Word for word, give the data again without its pictures.

*** Opening SUPPLIED ENTRIES ***

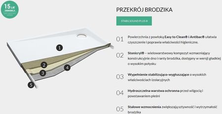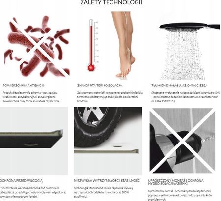 Гідронепроникний захист - довговічність і якість протягом багатьох років, одночасно захищаючи від розвитку грибків, цвілі та розбухання під час використання. З наголосом на довговічності. Завдяки використанню технології Stabilsound Plus® наш душовий піддон може витримувати ще більший тиск. Надзвичайно міцний - Падаюча слухавка, пляшка шампуню чи важкі інструменти? Не хвилюйтеся, наші душові піддони стійкі до будь-яких ударів.
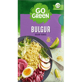 - Keitä GoGreen Bulgur pakkauksess aolevan ohjeen mukaan ja tarjoile paistettujen kasvispullien ja lopun lehtikaalin kera.
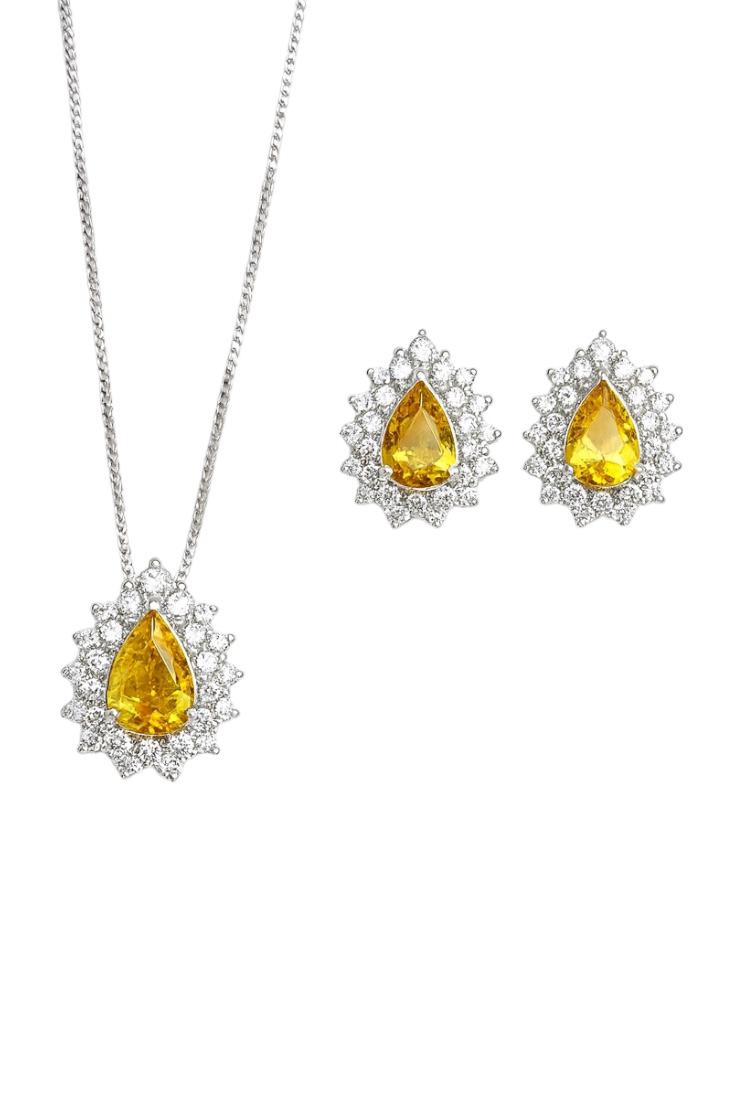 Conjunto Gota Citrino Elissa - Banhado em Ródio Branco
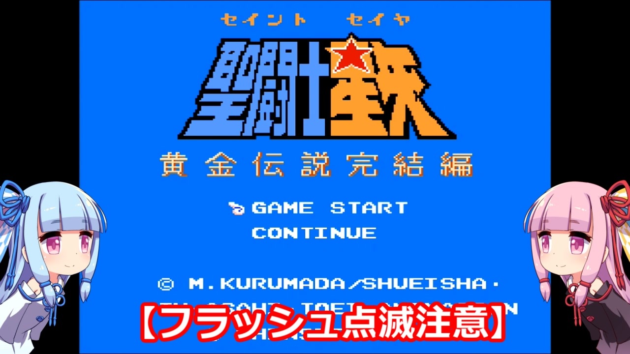 フラッシュが点滅するシーンがありますので、ご視聴の際はご注意願います。<br><br>FCソフト、聖闘士星矢黄金伝説完結編をプレイしました。<br>黄金十二宮、白羊宮編です。<br>システム周りは前作よりも簡略化されて分かり易く、<br>原作再現出来ているので、ファンゲームとしては優秀であると思います。<br>ただ、原作を知らないと苦難が待っています。<br><br>お借りした素材<br>blueberry様 <a href="https://seiga.nicovideo.jp/seiga/im6561508" target="_blank" rel="noopener">im6561508</a> <br><br>琴葉姉妹Part1マイリスト⇒<a href="https://www.nicovideo.jp/mylist/74721174" target="_blank" rel="noopener">mylist/74721174</a><br>前作の黄金伝説 ⇒<a href="https://www.nicovideo.jp/watch/sm41667752" class="watch">sm41667752</a><br>完結編 ♯1白羊宮 ⇒ここ
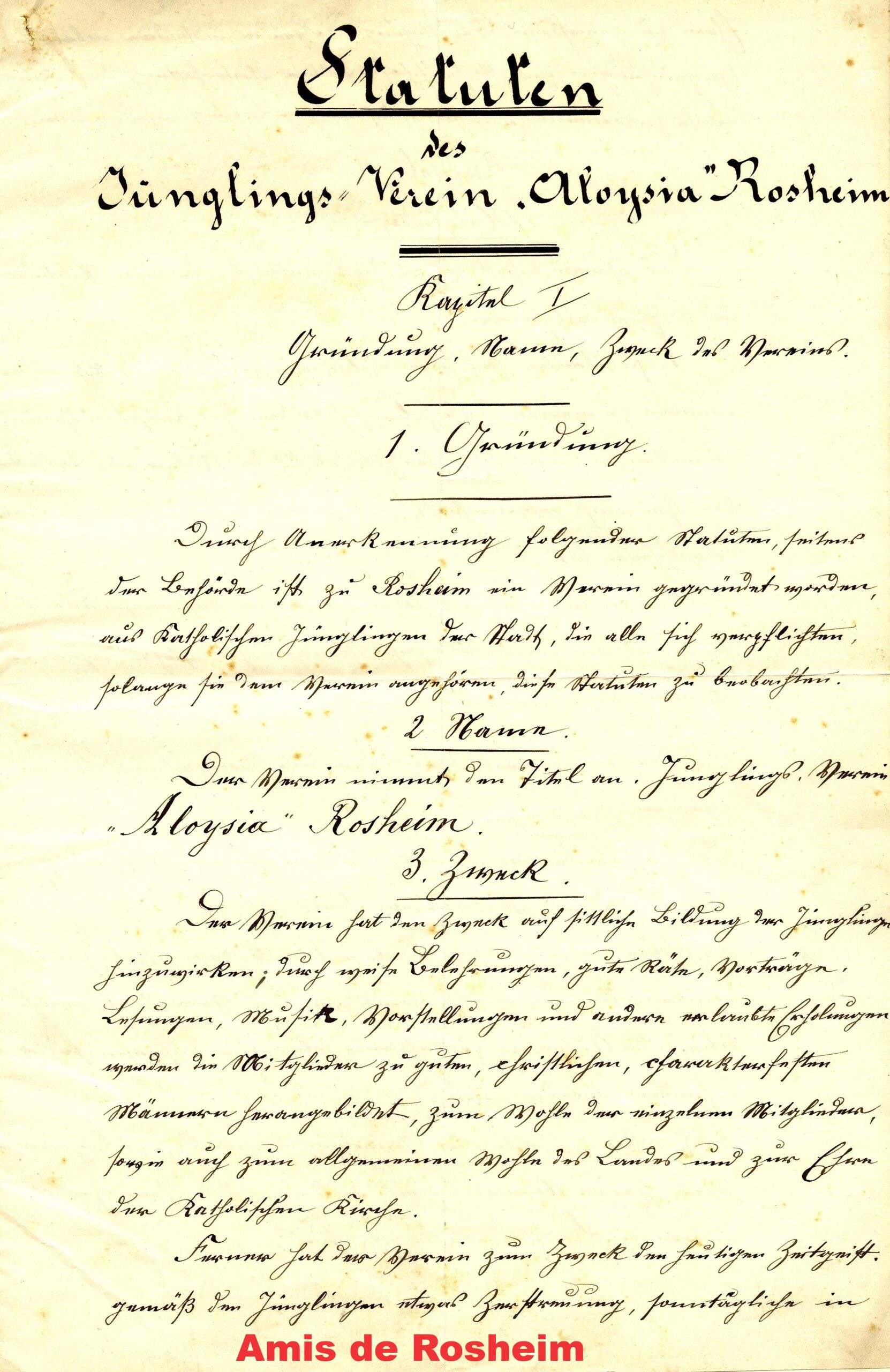 Par agrément des autorités du Reichsland, le 10 août 1893, la société « Katolischer Jünglingsverein von Rosheim » est officiellement reconnue, et rejoint ce type d’association qui n’existait jusque là que dans les grandes villes d’Alsace. Son effectif passe rapidement à une soixantaine de membres.
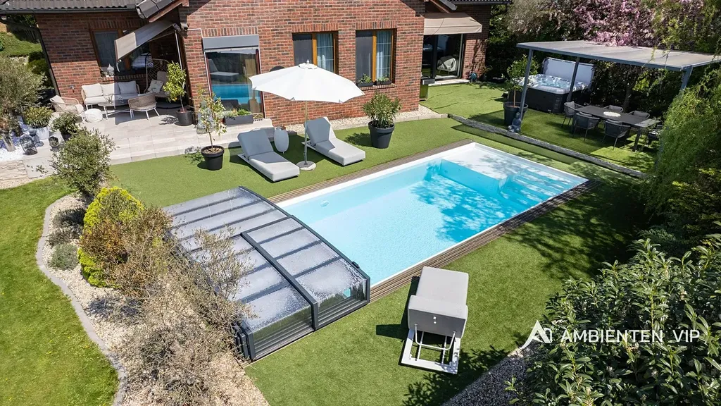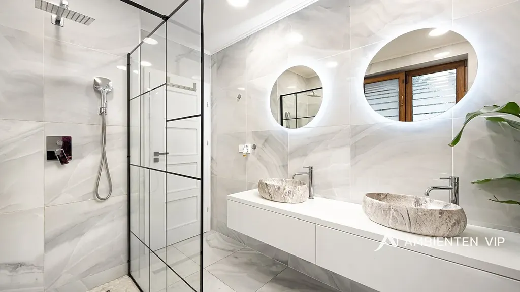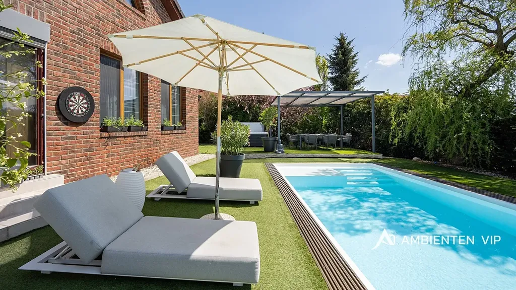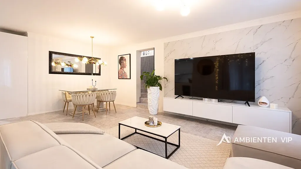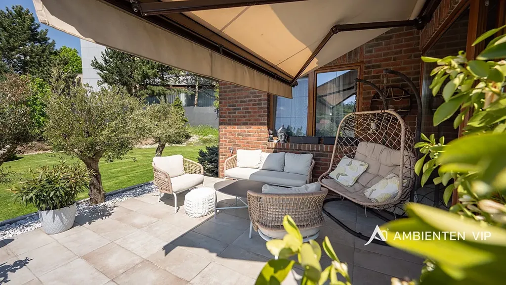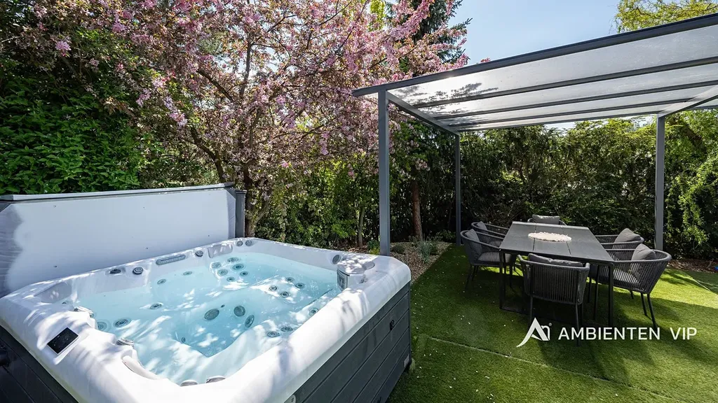 Tato vkusně a moderně zařízená vilka po rekonstrukci vás okouzlí nejen interiérem, ale i prostornou zahradou skýtající různé formy využití. Vstup do domu je přes prosklené zádveří, ze kterého vstoupíte do vzdušné světlé předsíně, která je obložená moderními panely s mramorovou texturou s velkorysým úložným prostorem a vstupem do téměř všech místností domu. Po levé straně naleznete průchod do prostorné šatny s ostrůvkem, přes kterou se prochází do luxusní ložnice. Ta má přímý výstup k bazénu a vířivce. Dominantou ložnice je na zakázku vyrobené dvojlůžko, samostatně stojící vana, umyvadlo a projektor s plátnem. Přímo z postele ložnice máte nádherný pohled do okrasné zahrady. Plátno projektoru lze využít i jako roletu. Otevřená dispozice obývacího pokoje, kuchyně a jídelny je příjemným prostor pro vaši rodinu. Kuchyňská linka je od firmy Mikyska. V rámci obývacího pokoje můžete spočinout na značkové sedačce, využít jídelní stůl s designovými židlemi či připravit pro rodinu výborné menu za pomoci moderních spotřebičů, většinou značky Miele. Za zmínku stojí varná část kuchyně nabízející Combi set pro pánev Wok a přípravu čerstvých paniny. Při přípravě pokrmů, stejně jako při relaxaci na sedačce můžete pozorovat život na zahradě, která obklopuje celý dům. Z obývací části je vstup na prostornou terasu až ke krytému bazénu se slanou vodou a protiproudem. Odpočinkovou zónu vkusně doplňuje vzrostlá středomořská vegetace v elegantních květináčích. Pokud se vydáte z předsíně vpravo, zavítáte do jednoho z dětských pokojů. V budoucnosti lze i tento pokoj propojit s terasou a přímým vstupem na zahradu. Vedle dětského pokoje se nachází technická místnost s pračkou a sušičkou a dále vstup do koupelny s toaletou a sprchovým koutem a dvěma umyvadly. Vytápění domu je přes plynový kotel Baxi. V přízemí domu je podlahové vytápění. Ve druhém patře domu se nachází dětský pokoj, který majitelka vkusně vyzdobila dětskou tapetou a vytvořila pohádkové království pro vaše děti. Celá zahrada je oplocená dřevěným plotem. Nabídne vám prostor, jak pro váš odpočinek, tak lze i část zahrady využít jako druhé stavební místo. Na pozemku máte soukromí, jelikož je zeleň v zahradě poměrně vzrostlá. Na zahradě se nachází domek na nářadí a herní plocha pro děti. Zdivo domu je cihla s obkladem Klinker. Okna jsou plastová s izolačním dvojsklem. Rodinný dům prošel nákladnou rekonstrukcí, která se uskutečnila v roce 2021 a 2024.

*** Closing SUPPLIED ENTRIES ***

*EXERCISE OUTPUT*
 Гідронепроникний захист - довговічність і якість протягом багатьох років, одночасно захищаючи від розвитку грибків, цвілі та розбухання під час використання. З наголосом на довговічності. Завдяки використанню технології Stabilsound Plus® наш душовий піддон може витримувати ще більший тиск. Надзвичайно міцний - Падаюча слухавка, пляшка шампуню чи важкі інструменти? Не хвилюйтеся, наші душові піддони стійкі до будь-яких ударів.
 - Keitä GoGreen Bulgur pakkauksess aolevan ohjeen mukaan ja tarjoile paistettujen kasvispullien ja lopun lehtikaalin kera.
 Conjunto Gota Citrino Elissa - Banhado em Ródio Branco
 フラッシュが点滅するシーンがありますので、ご視聴の際はご注意願います。<br><br>FCソフト、聖闘士星矢黄金伝説完結編をプレイしました。<br>黄金十二宮、白羊宮編です。<br>システム周りは前作よりも簡略化されて分かり易く、<br>原作再現出来ているので、ファンゲームとしては優秀であると思います。<br>ただ、原作を知らないと苦難が待っています。<br><br>お借りした素材<br>blueberry様 <a href="https://seiga.nicovideo.jp/seiga/im6561508" target="_blank" rel="noopener">im6561508</a> <br><br>琴葉姉妹Part1マイリスト⇒<a href="https://www.nicovideo.jp/mylist/74721174" target="_blank" rel="noopener">mylist/74721174</a><br>前作の黄金伝説 ⇒<a href="https://www.nicovideo.jp/watch/sm41667752" class="watch">sm41667752</a><br>完結編 ♯1白羊宮 ⇒ここ
 Par agrément des autorités du Reichsland, le 10 août 1893, la société « Katolischer Jünglingsverein von Rosheim » est officiellement reconnue, et rejoint ce type d’association qui n’existait jusque là que dans les grandes villes d’Alsace. Son effectif passe rapidement à une soixantaine de membres.
 Tato vkusně a moderně zařízená vilka po rekonstrukci vás okouzlí nejen interiérem, ale i prostornou zahradou skýtající různé formy využití. Vstup do domu je přes prosklené zádveří, ze kterého vstoupíte do vzdušné světlé předsíně, která je obložená moderními panely s mramorovou texturou s velkorysým úložným prostorem a vstupem do téměř všech místností domu. Po levé straně naleznete průchod do prostorné šatny s ostrůvkem, přes kterou se prochází do luxusní ložnice. Ta má přímý výstup k bazénu a vířivce. Dominantou ložnice je na zakázku vyrobené dvojlůžko, samostatně stojící vana, umyvadlo a projektor s plátnem. Přímo z postele ložnice máte nádherný pohled do okrasné zahrady. Plátno projektoru lze využít i jako roletu. Otevřená dispozice obývacího pokoje, kuchyně a jídelny je příjemným prostor pro vaši rodinu. Kuchyňská linka je od firmy Mikyska. V rámci obývacího pokoje můžete spočinout na značkové sedačce, využít jídelní stůl s designovými židlemi či připravit pro rodinu výborné menu za pomoci moderních spotřebičů, většinou značky Miele. Za zmínku stojí varná část kuchyně nabízející Combi set pro pánev Wok a přípravu čerstvých paniny. Při přípravě pokrmů, stejně jako při relaxaci na sedačce můžete pozorovat život na zahradě, která obklopuje celý dům. Z obývací části je vstup na prostornou terasu až ke krytému bazénu se slanou vodou a protiproudem. Odpočinkovou zónu vkusně doplňuje vzrostlá středomořská vegetace v elegantních květináčích. Pokud se vydáte z předsíně vpravo, zavítáte do jednoho z dětských pokojů. V budoucnosti lze i tento pokoj propojit s terasou a přímým vstupem na zahradu. Vedle dětského pokoje se nachází technická místnost s pračkou a sušičkou a dále vstup do koupelny s toaletou a sprchovým koutem a dvěma umyvadly. Vytápění domu je přes plynový kotel Baxi. V přízemí domu je podlahové vytápění. Ve druhém patře domu se nachází dětský pokoj, který majitelka vkusně vyzdobila dětskou tapetou a vytvořila pohádkové království pro vaše děti. Celá zahrada je oplocená dřevěným plotem. Nabídne vám prostor, jak pro váš odpočinek, tak lze i část zahrady využít jako druhé stavební místo. Na pozemku máte soukromí, jelikož je zeleň v zahradě poměrně vzrostlá. Na zahradě se nachází domek na nářadí a herní plocha pro děti. Zdivo domu je cihla s obkladem Klinker. Okna jsou plastová s izolačním dvojsklem. Rodinný dům prošel nákladnou rekonstrukcí, která se uskutečnila v roce 2021 a 2024.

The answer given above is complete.